La portata storica dell’Accordo di Parigi del 2015 non aveva a che fare solo con il numero dei Paesi coinvolti e con l’ambizione degli obiettivi di contenimento delle temperature, ma anche con il riconoscimento di un inedito percorso a tappe per raggiungerli.
Elemento centrale di questo percorso sono gli NDC (Nationally Determined Contributions), cioè i singoli piani di riduzione delle emissioni degli oltre 190 firmatari dell’Accordo. I mattoncini che compongono il mosaico, che prende il nome di Global Stocktake e che misura quanto fieno c’è in cascina.
In questo senso, la Conferenza delle Parti delle Nazioni Unite sul clima di quest’anno (COP30) è particolarmente importante, per almeno tre motivi. Intanto perché è la prima che si svolge in un Paese dove è possibile manifestare dopo la tripletta delle autrocrazie fossili Egitto-Emirati Arabi Uniti-Azerbaijan che hanno ospitato le ultime tre COP. In secondo luogo per la sua forza simbolica, dal momento che – come voluto da Lula – si terrà a Belem, alle porte dell’Amazzonia brasiliana.

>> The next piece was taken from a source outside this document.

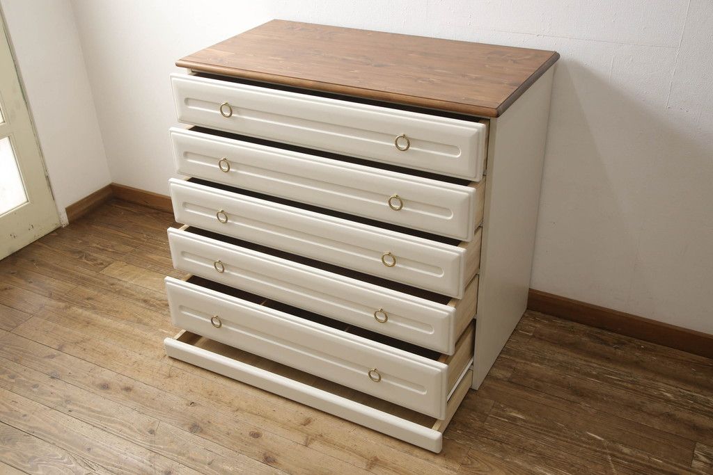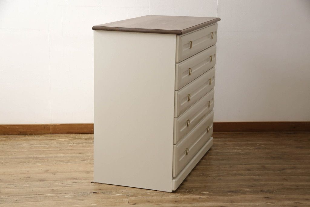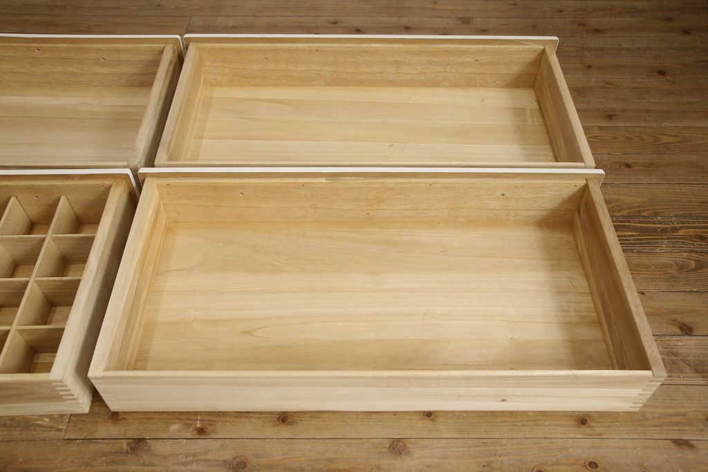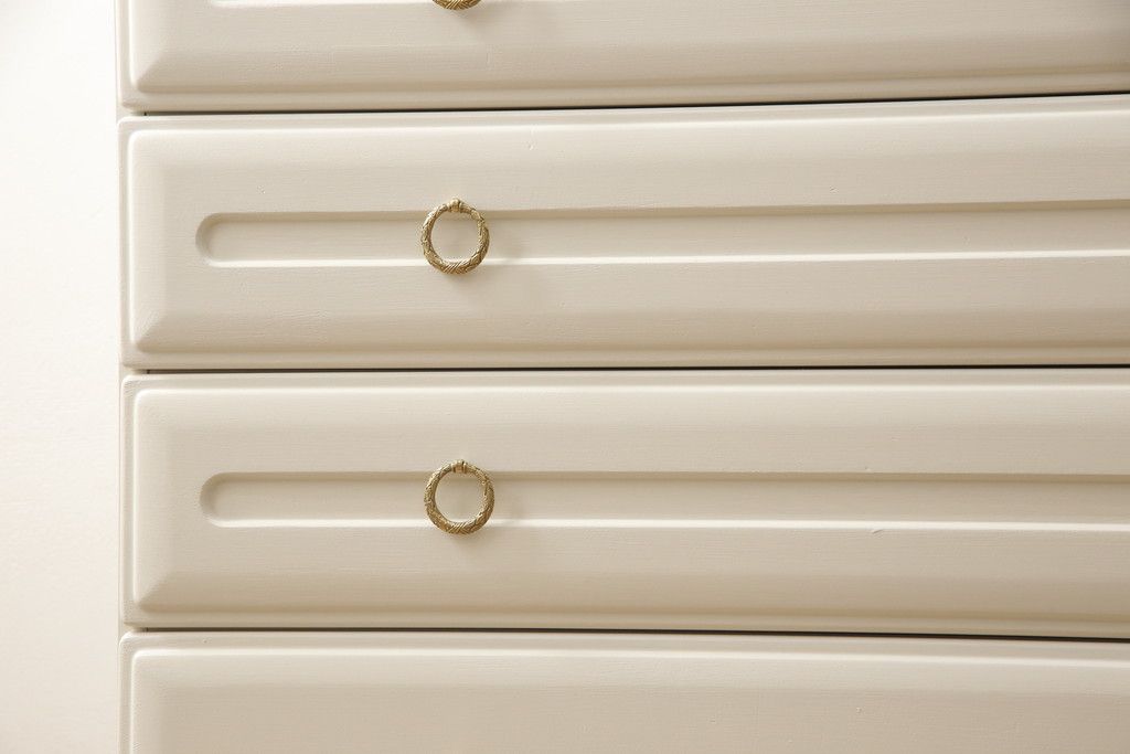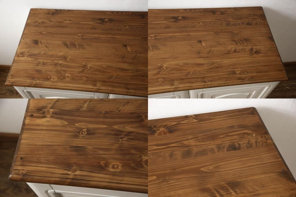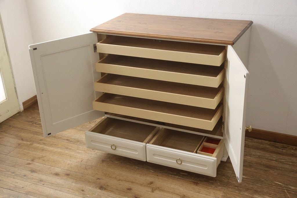 箪笥を2つのチェストにリメイク!上段は既存の天板を取り外し、脚を取り付け。上下段いずれもヒノキ無垢材の天板と取っ手を取り付け。本体はアンティークホワイトにペイント、天板はステイン塗料仕上げ。

Il terzo e più importante motivo è che, essendo passati 10 anni dall’Accordo di Parigi, non si potrà più negoziare a carte coperte.
Solo che, alla data di scadenza del 10 febbraio 2025 entro cui presentare i propri NDC, poco più di 10 Paesi l’hanno fatto: Brasile, Uruguay, Ecuador, Emirati Arabi Uniti, Svizzera, Singapore, Nuova Zelanda, Regno Unito, Isole Marshall, Andorra, Santa Lucia, Zimbabwe e – prima che si insediasse Donald Trump – anche gli Stati Uniti. 182 Paesi mancano all’appello.
Guterres: “Basta guardare Los Angeles per capire la crisi climatica”
Questa negligenza fa parte di una più ampia cornice di perdita di interesse e fiducia nei sistemi di governance globale e nelle Nazioni Unite, che ne sono la sua massima espressione. L’attacco più forte alle UN, al momento arriva proprio dai Paesi Occidentali e dai loro alleati. Dagli Stati Uniti e dal loro ritiro dalla cooperazione in sede UN per i diritti umani (UNHRC), per la sanità (OMS) e per il clima (Accordo di Parigi). Da Israele, che ha dichiarato il Segretario Generale delle UN Guterres “persona non gradita”, che ha quasi ucciso il Direttore Generale dell’OMS Ghebreyesus e che ha messo al bando l’UNRWA, in violazione della Convenzione Generale sui Privilegi e le Immunità delle Nazioni Unite. Dall’Argentina, che ha preso la decisione senza precedenti di ritirare la propria delegazione dalla COP29 sul clima di Baku. E dall’Unione Europea, che non ha presentato il suo piano aggiornato di riduzione delle emissioni e che si costringe all’irrilevanza anche sull’umico tema su cui toccava palla, il clima.
Spesso le Nazioni Unite vengono raccontate come un’entità che ci guarda dall’alto e che è incapace di rimediare ai disastri dei nostri governi. La realtà è che le Nazioni Unite non sono niente di più e niente di meno della somma delle posizioni politiche dei Paesi – quasi tutti quelli del mondo – che ne fanno parte. Eppure, nonostante i vari Trump, Netanyahu, Milei, Meloni, le UN tengono ancora la barra dritta, anche grazie ai Lula, Sanchez, Sheinbaum, Mottley.
In Italia si scrive spesso che per fortuna ci è rimasta ancora una guida saggia, lungimirante, progressista, anche se anziana. È vero. Ma non è il Papa, è il Segretario Generale António Guterres. Sulla carta sarebbe l’uomo più potente al mondo, nella pratica è quello più ignorato. Guterres sa essere al contempo coraggioso e diplomatico su tutti i fronti: dall’Ucraina a Gaza, dal Sudan al Congo, dalla pandemia al clima. Ora che sappiamo anche che gennaio 2025 è stato il mese più caldo di sempre e che “siamo sulla strada per l’inferno climatico con il piede schiacciato sull’acceleratore” forse, forse, dovremmo ascoltare Guterres e credere nelle sue, nostre, Nazioni Unite un po’ di più.